$P/poly$ as oracle to itself?

Question

How can we show $P/poly^{P/poly}=P/poly$?

What tricks are generally used for self lowness of a class such as $BPP$, $SPP$ etc?

Answer 1

There are no general tricks for proving self lowness, note that the classes that you yourself mentioned are very different in nature. Recall that $L\in P/poly$ iff there exists a Turing machine $M(x,y)$, which runs in time polynomial in $|x|$, and an advice sequence $\{\alpha_n\}_{n\in\mathbb{N}}$, such that for all $x\in\Sigma^*$ it holds that:

$x\in L \iff M\left(x,\alpha_{|x|}\right)=1$

$L\in P/poly^{P/Poly}$ if the machine $M$ above can also query membership to some other language $O\in P/Poly$, so there exists a machine $M_O(x,y)$ which satisfies the above conditions with advice sequence $\beta_n$.

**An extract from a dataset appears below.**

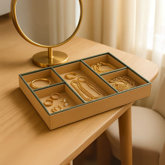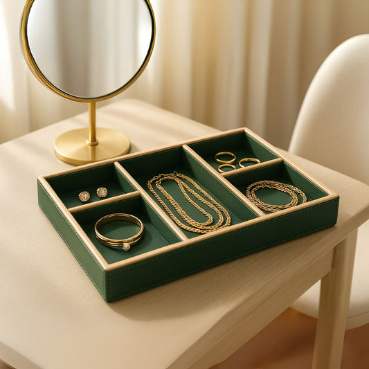 Green Faux Leather Slot of 5 Stack Tray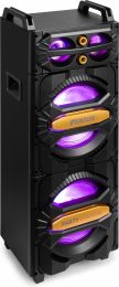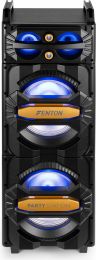 |  | Creating a party out of nowhere has never been so easy with this Fenton LIVE2102 party system. The built-in RGB LED lights behind the speaker grilles add an amazing effect to any party. The LIVE2102 Party Station, which is characterized by advanced Wireless BT Technology, will bring you high-quality music and guarantees a crystal clear signal even when you are far away from the unit. Pairing your phone, tablet or other BT enabled device is super easy! So, if you are looking for high power, big sound and a spectacular light show; LIVE2102 The party starter! Including wired microphone. - Party speaker with USB/SD/BT media player

To show that $L$ lies in $P/Poly$, the natural approach would be to use $M$ with the same advice sequence $\alpha_n$. The problem arises when $M$ queries its oracle $O$ on some string $s$, what do we do then? Here the natural approach would be to simulate $M_O$ on $s$, but what advice should we feed to $M_O(s,\cdot)$ ? Suppose $M$ runs in time $n^c$, then on a length $n$ input, $M$ can only query its oracle on strings of length $\le n^c$. This leads to the following solution, on length $n$ inputs, your $P/Poly$ machine for $L$ would use the advice $\left(\alpha_n,\beta_0,\beta_1,...,\beta_{n^c}\right)$, and simulate $M$ on the input with advice $\alpha_n$. Whenever $M$ queries the oracle on a string $s$, simulate $M_O(s,\beta_{s})$ to obtain an answer, and continue executing $M$.

Answer 2

It been a while since I studied complexity, so I may be confusing with notations.

Take language in $A^B \in P/poly^{P/poly}$, decided by TM $M$. We know that $B \in P/poly$, and hence theirs exist another TM $M'$ which deciding $B$.

Build a $P/poly$ TM $T$ thats simulates $M$. Whenever $M$ query the oracle on input $(x,a)$, $T$ can simulate $M'$ on $(x,a)$ and return whatever it does, and continue the simulation.

The running time remains polynomial.